Potential for network effects between stakeholders. Finally, a best-of-breed application can push to turn itself into a multi-sided platform that integrates with third-party applications, creating an ecosystem that in essence is an integrated bundle of best-of-breed applications. Slack had a fairly solid ecosystem, and Zoom has recently started pursuing this strategy. But while this strategy allows for new across-application value that the best-of-breed can or will not build itself, Slack’s experience shows it might not be enough to overcome comparative weaknesses in the core application strategy.

The rise of best-of-breed applications has been of great value to all of us — especially this year, as the world has faced upheaval in how we communicate and work.
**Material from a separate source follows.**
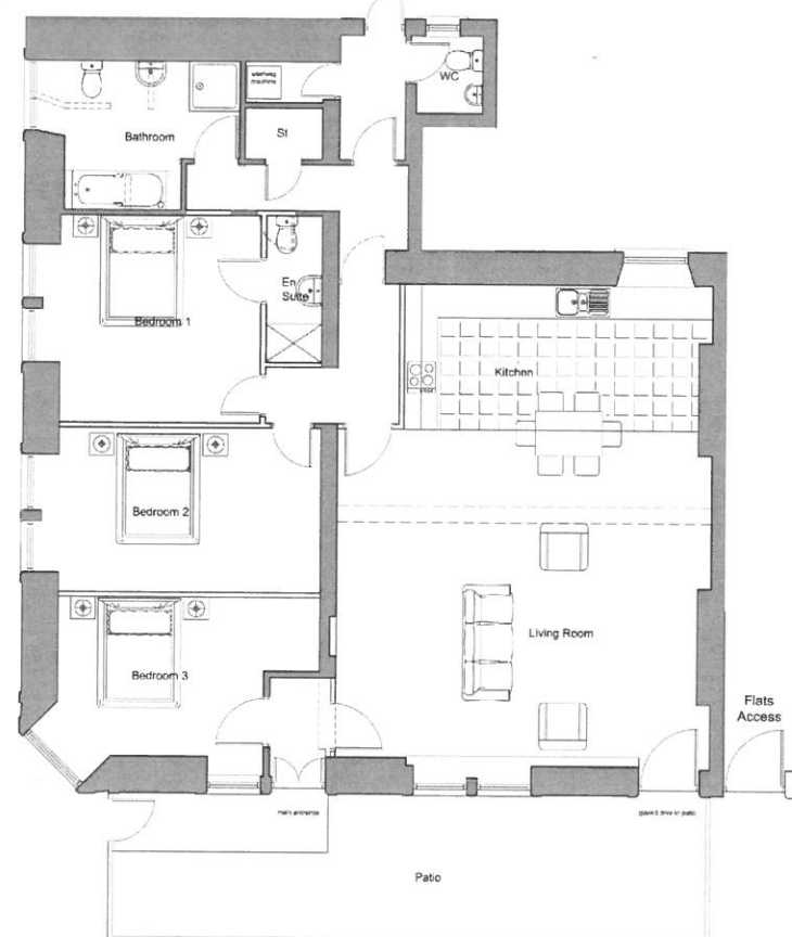
Ground Floor Plan proposed 0m 1m 2.5m 5m

Without Slack and Zoom, we would not know how valuable it would be to have strong chat and videoconferencing tools in our daily lives. The applications that previously dominated these categories, many of which existed in integrated bundles, never innovated enough to really demonstrate what was possible.

In that sense, we are rooting for future best-of-breed entrepreneurs to keep pushing the frontier in these and other categories. These entrepreneurs make us all better off. But as revealed by the Slack and Salesforce announcement, sometimes the best-of-breed needs to be absorbed into an integrated bundle. For its first significant acquisition ever in 1997, Microsoft acquired Forethought, a small company which made a best-of-breed presentation application called PowerPoint. And as was true then — and is still true today — the cycle continues.